F Sergent1, I Popovic, P Grise, A-M Leroi, L Marpeau.   

Abstract

OBJECTIVE: The aim of this study was to assess, with long-term outcome, the effectiveness of TVT for stress urinary incontinence (SUI) with low maximum urethral closure pressure (MUCP) and to identify predicting factors for failure in this case. PATIENTS AND METHODS: This is a bicentric retrospective study including women who underwent a TVT procedure for grade 3-SUI according to the Ingelman-Sundberg's scale. All patients had a low MCUP defined by PCUM < 30 or by the formula 110-the age+/-20% cmH2O. Urethral hypermobility was defined on physical examination and urodynamic investigations. TVT was the only operation performed. Patients were assessed at three months then at longer term with an average follow-up of three years and ever less than one year.

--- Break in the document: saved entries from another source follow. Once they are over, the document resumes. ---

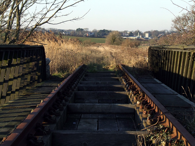 Railway lines on disused Bridge Railway lines on disused bridge on the outskirts of Llangefni
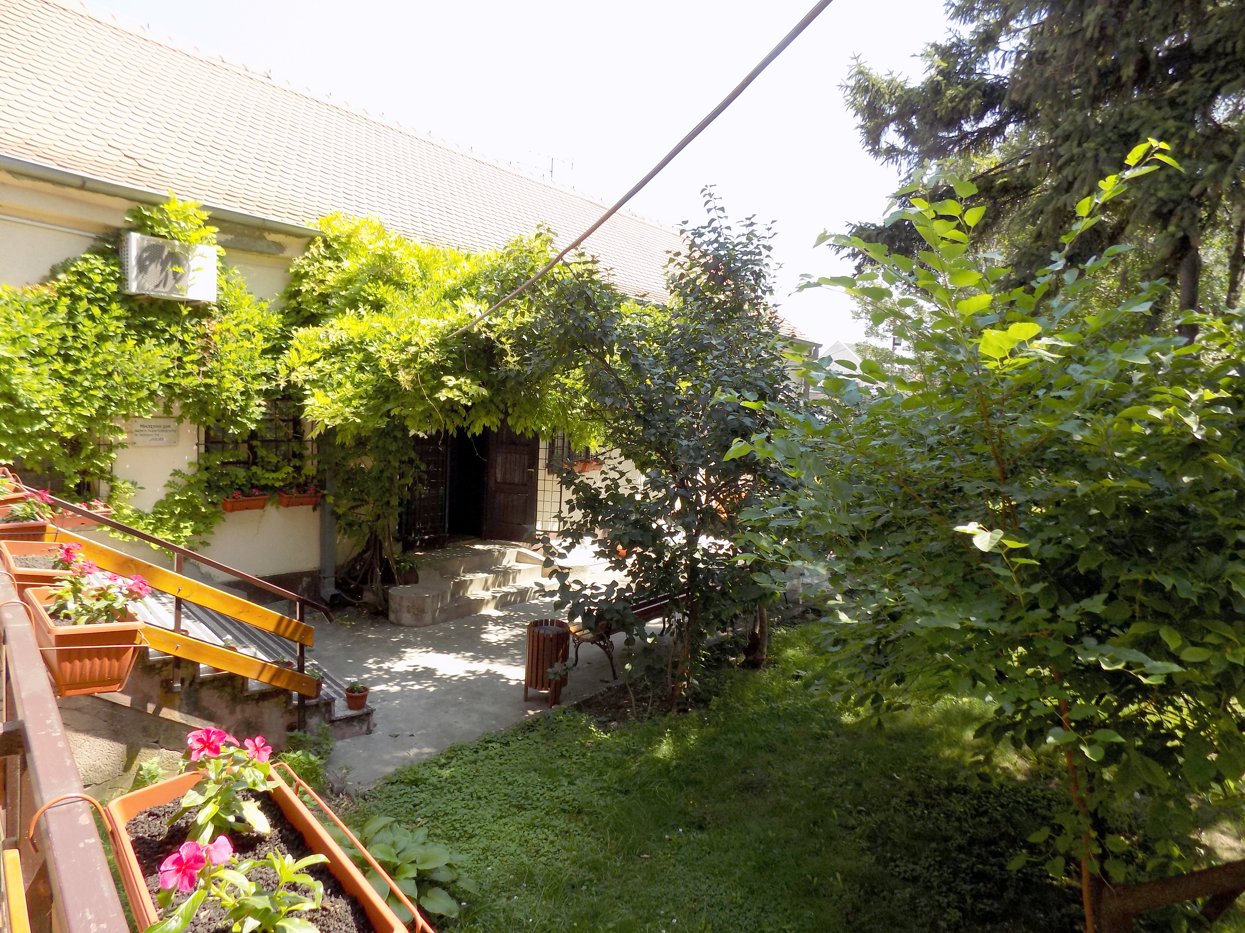 Milena Pavlović-Barili Gallery (Milena's home) - Milena's birth house with a yard, today turned into a Gallery
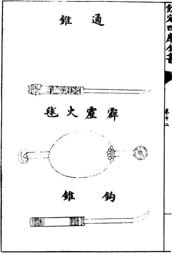 An illustration of a thunderclap bomb as depicted in the 11th century book Wujing Zongyao.
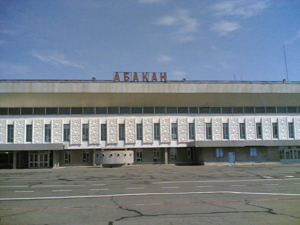 Abakan Airport.
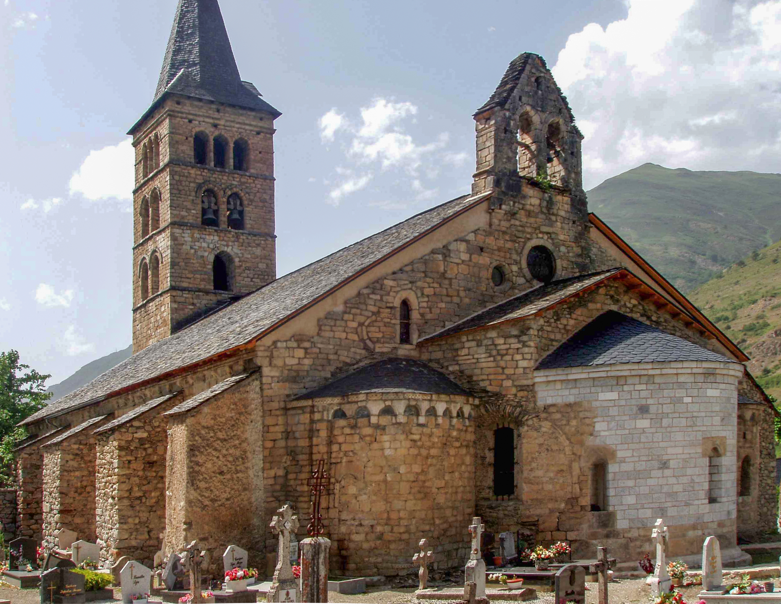 Roman Church in Arthies, Vall de Aran, Spain
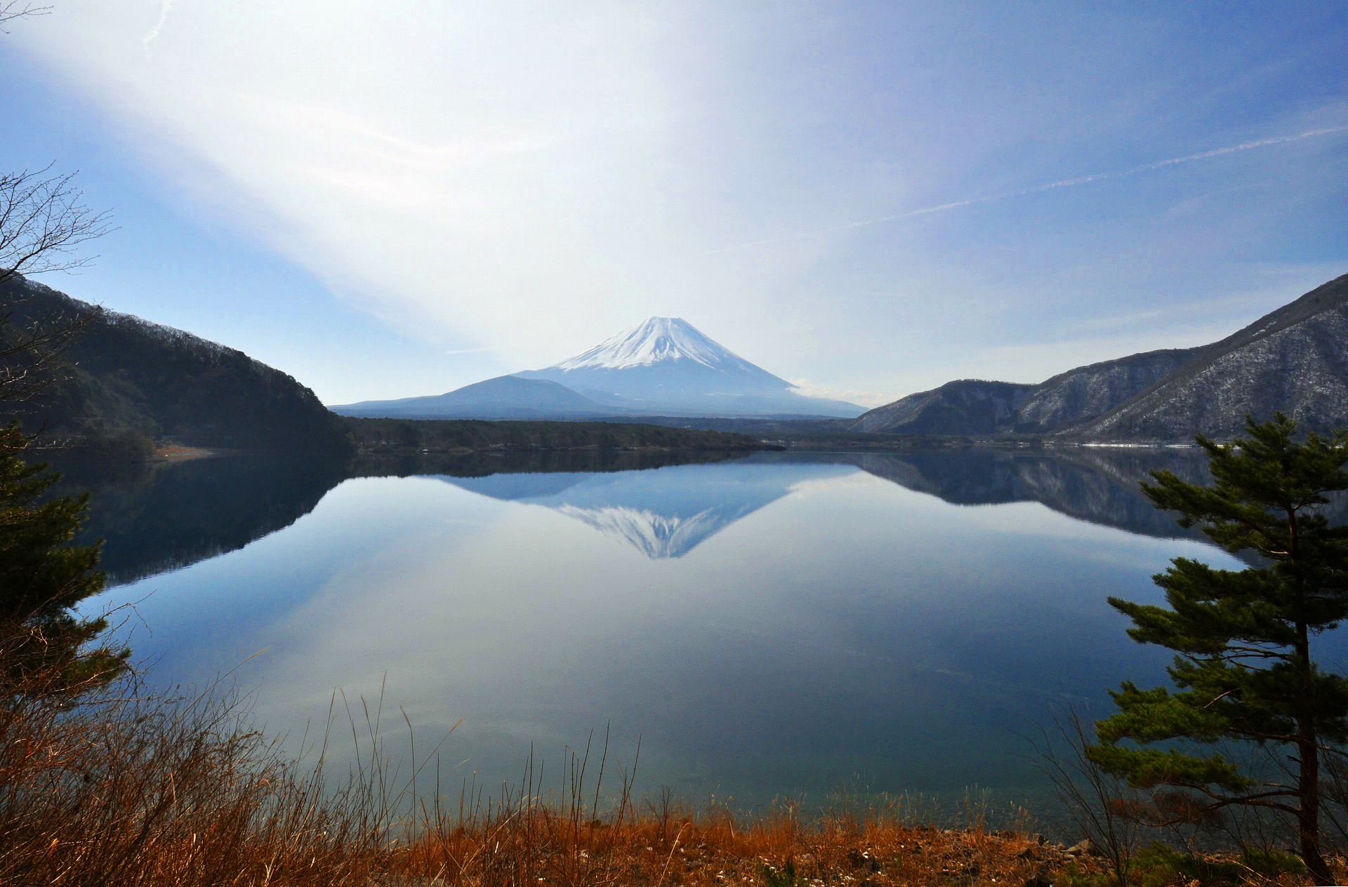 Reflection of Mount Fuji in Lake Motosu
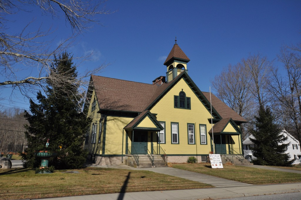 The Bridgeton School, in the Pascoag section of Burrillville, Rhode Island.
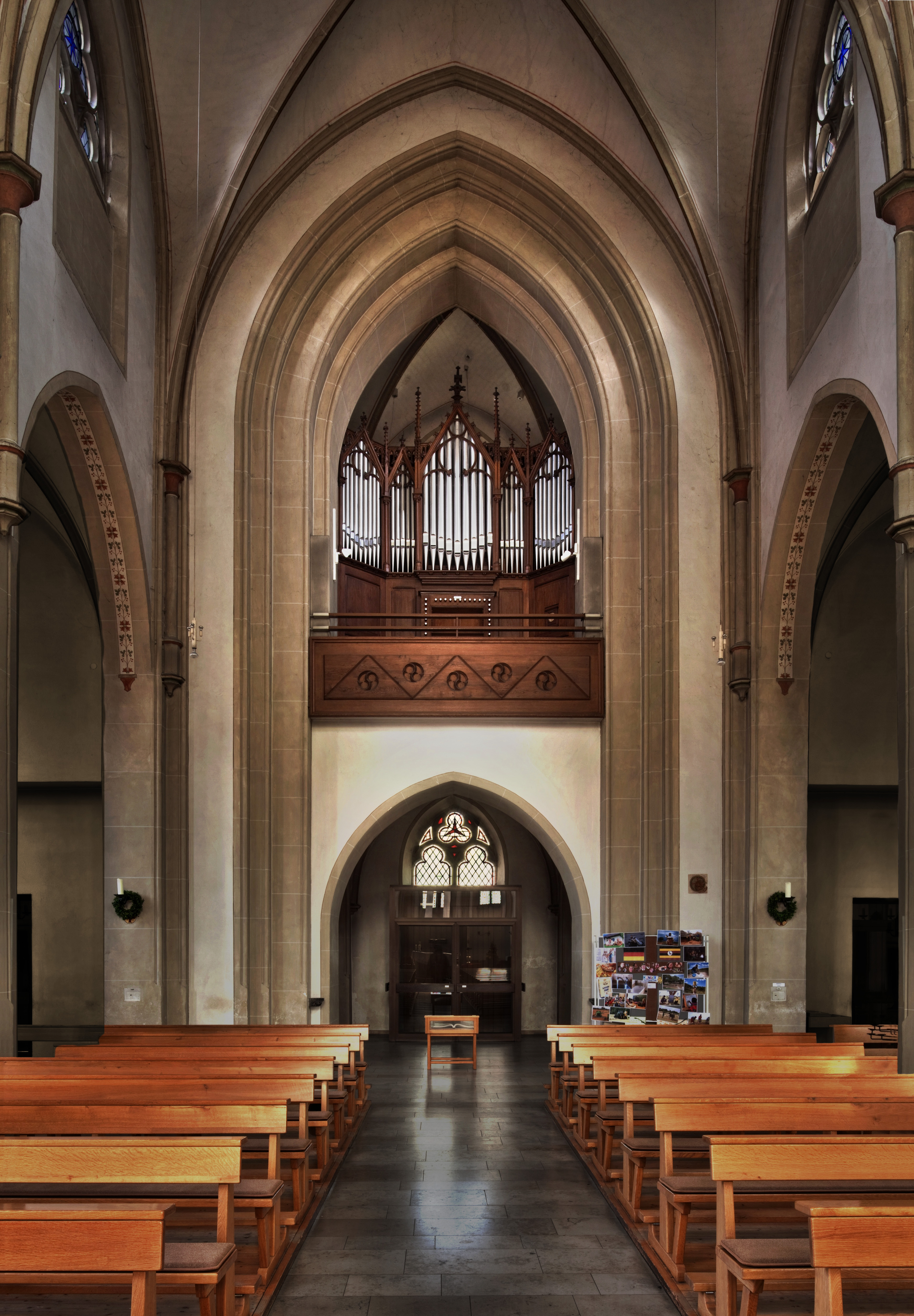 Mesum, Fleiter organ in St. John This is a photograph of an architectural monument.
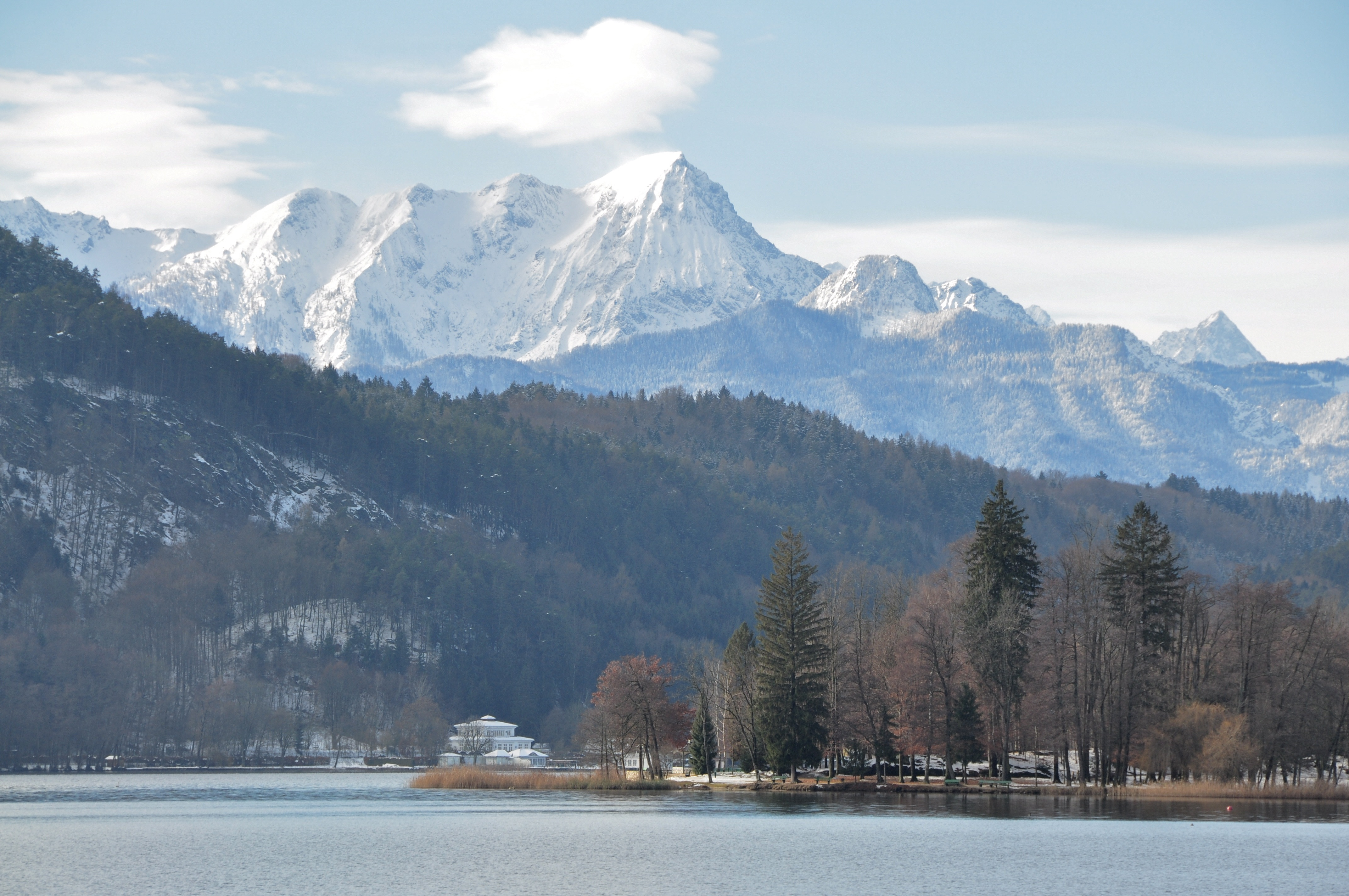 Peninsula with the Mittagskogel (snow peaked mountain) in the background, municipality Pörtschach am Wörther See, district Klagenfurt Land, Carinthia, Austria, EU
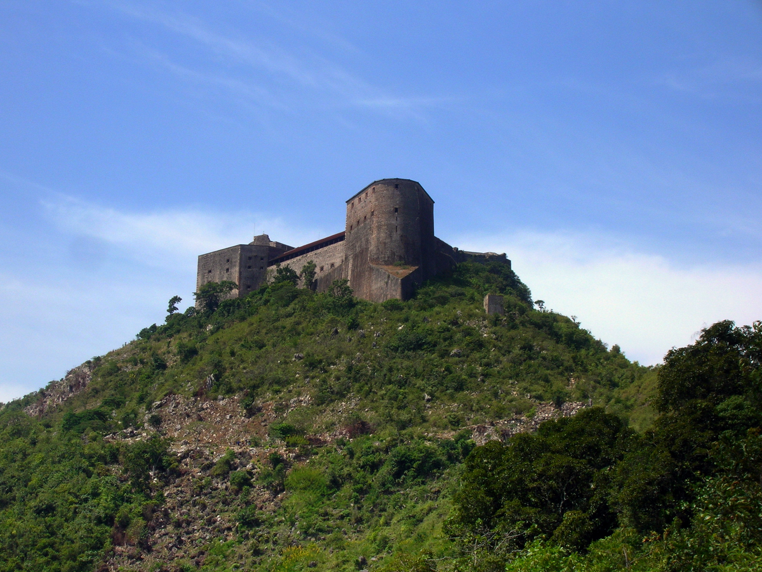 The Citadelle Laferrière, near Milot in Haiti, seen from the access path.
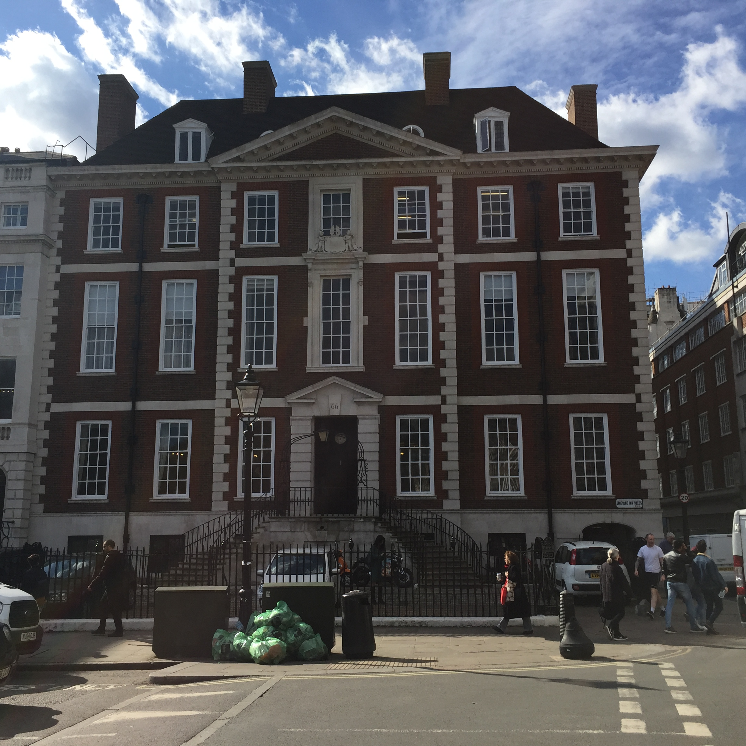 Picture of Newcastle House, London, taken in March 2017 from the adjacent Lincoln's Inn Fields
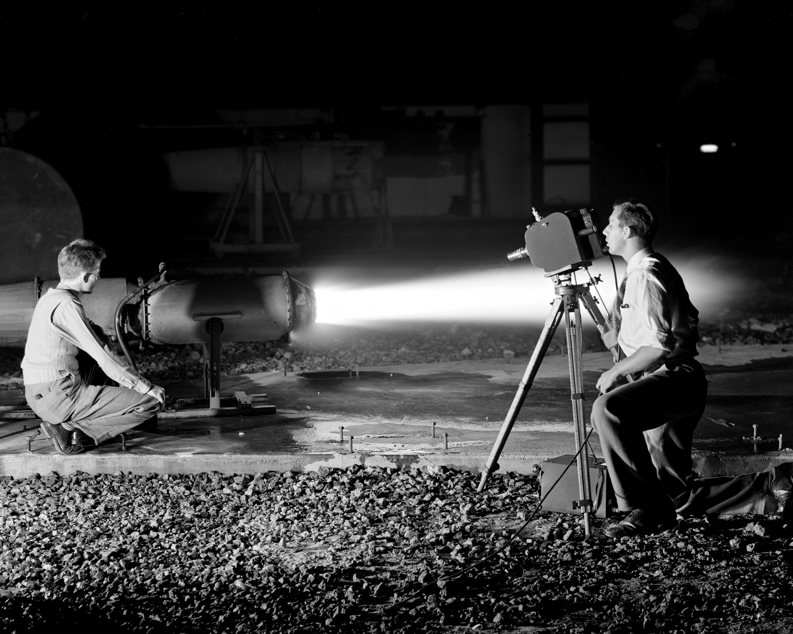 Ramjet I-40 engine in Jet Static Lab showing the making of high speed motion pictures of thrust augmentor flame. Engineers are taking motion pictures of the exhaust gases being discharged from a special burner used for studying thrust augmentation in jet-propulsion engines at the Flight Propulsion Research Laboratory of the National Advisory Committee for Aeronautics, Cleveland, Ohio, now known as John H. Glenn Research Center at Lewis Field.
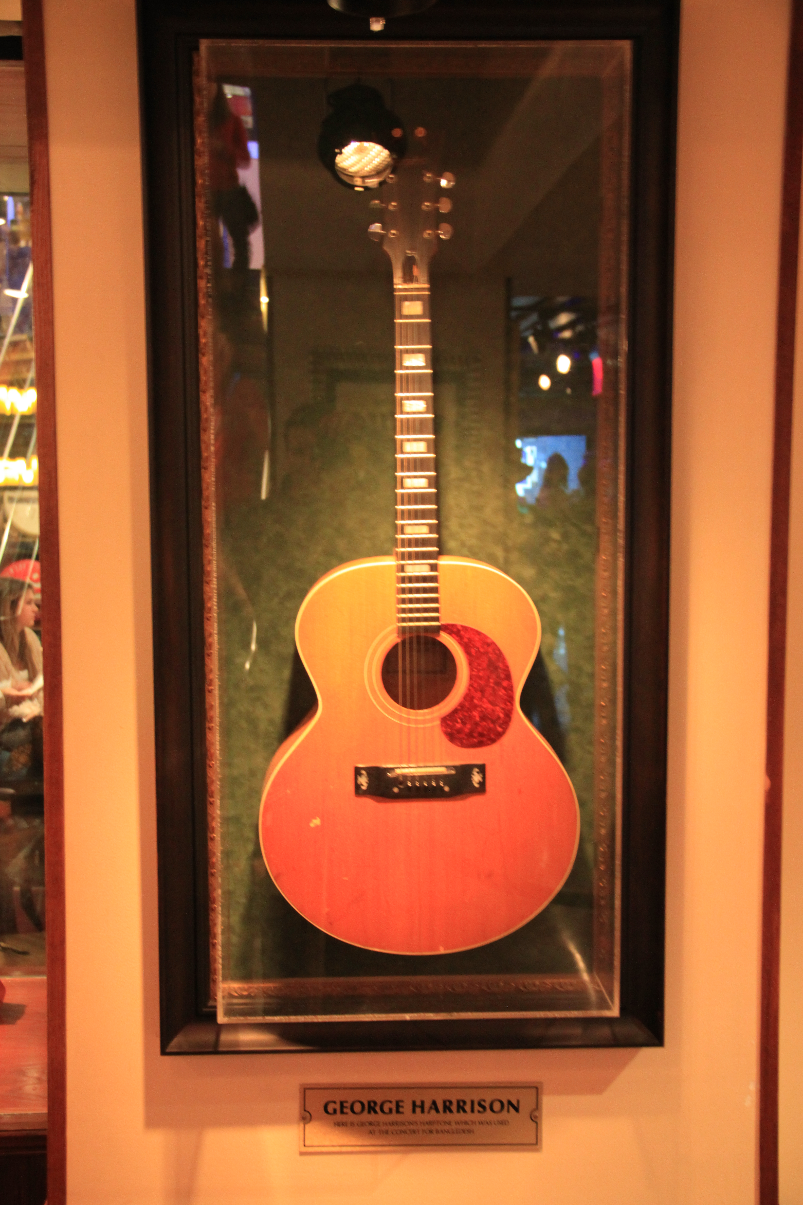 George Harrison's Harptone L-6 guitar which was used at the Concert for Bangladesh.
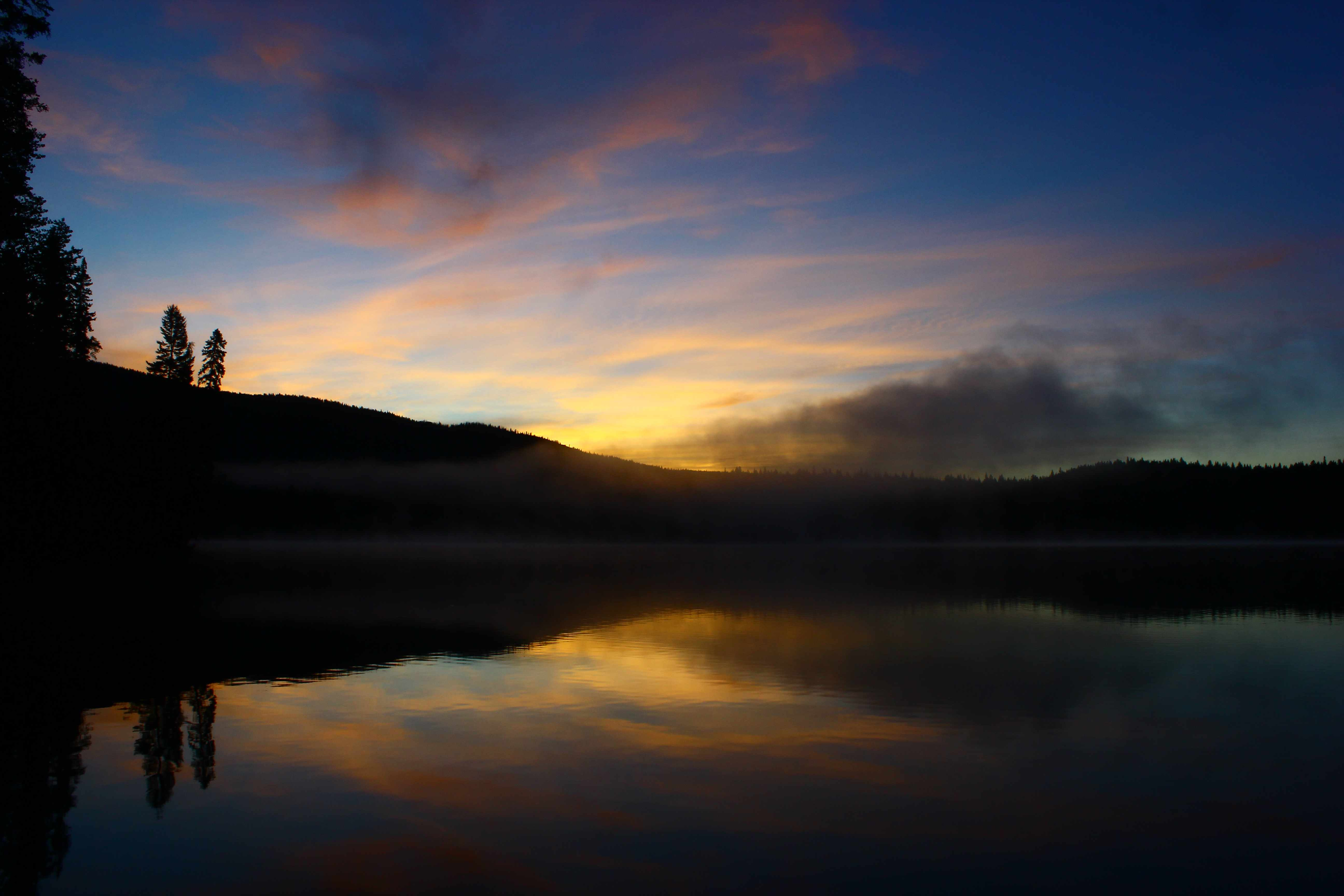 Sunrise take early in the morning at Sulphurous Lake, British Columbia.

RESULTS: A total of 60 women 30 to 78 years old (mean age 55) were so operated. More than third of them (38%) had already been operated for incontinence. Thirty-eight percent had SUI without urethral hypermobility. Thirty percent presented bladder overactivity. The short-term evaluation found that, out of 58 patients, 70,6% cured, 10,3% improved and 18,9% classified as failure. The long-term evaluation, concerning 44 patients, found that 57% remained cured, 16% improved and 27% were classified as failure. Bladder overactivity was cured or improved in more than half of the cases (60%). Ten percent of de novo urgencies were noted, all of which persisted later on. For all that, as much as two thirds of these patients were satisfied with the TVT. Mean age of patients classified as failure, was higher (65 years). Previous SUI surgery did not modify the results. When the MUCP was < 20 cmH2O, success was present only one time out of two. The absence of urethral hypermobility decreased to a significant degree the probability of cure (38 vs. 82,6%, P < 0.01), and more still when bladder overactivity was associated (16,6 vs. 66,6%, P < 0.01). Postoperative voiding troubles constituted a pejorative factor for success of surgery. DISCUSSION AND
CONCLUSION: Even if results of TVT with low MCUP are worse, they do not remain less appreciable. When we confront the benefits awaited with this technique compared to the usually described complications, TVT must represent the first treatment of this indication.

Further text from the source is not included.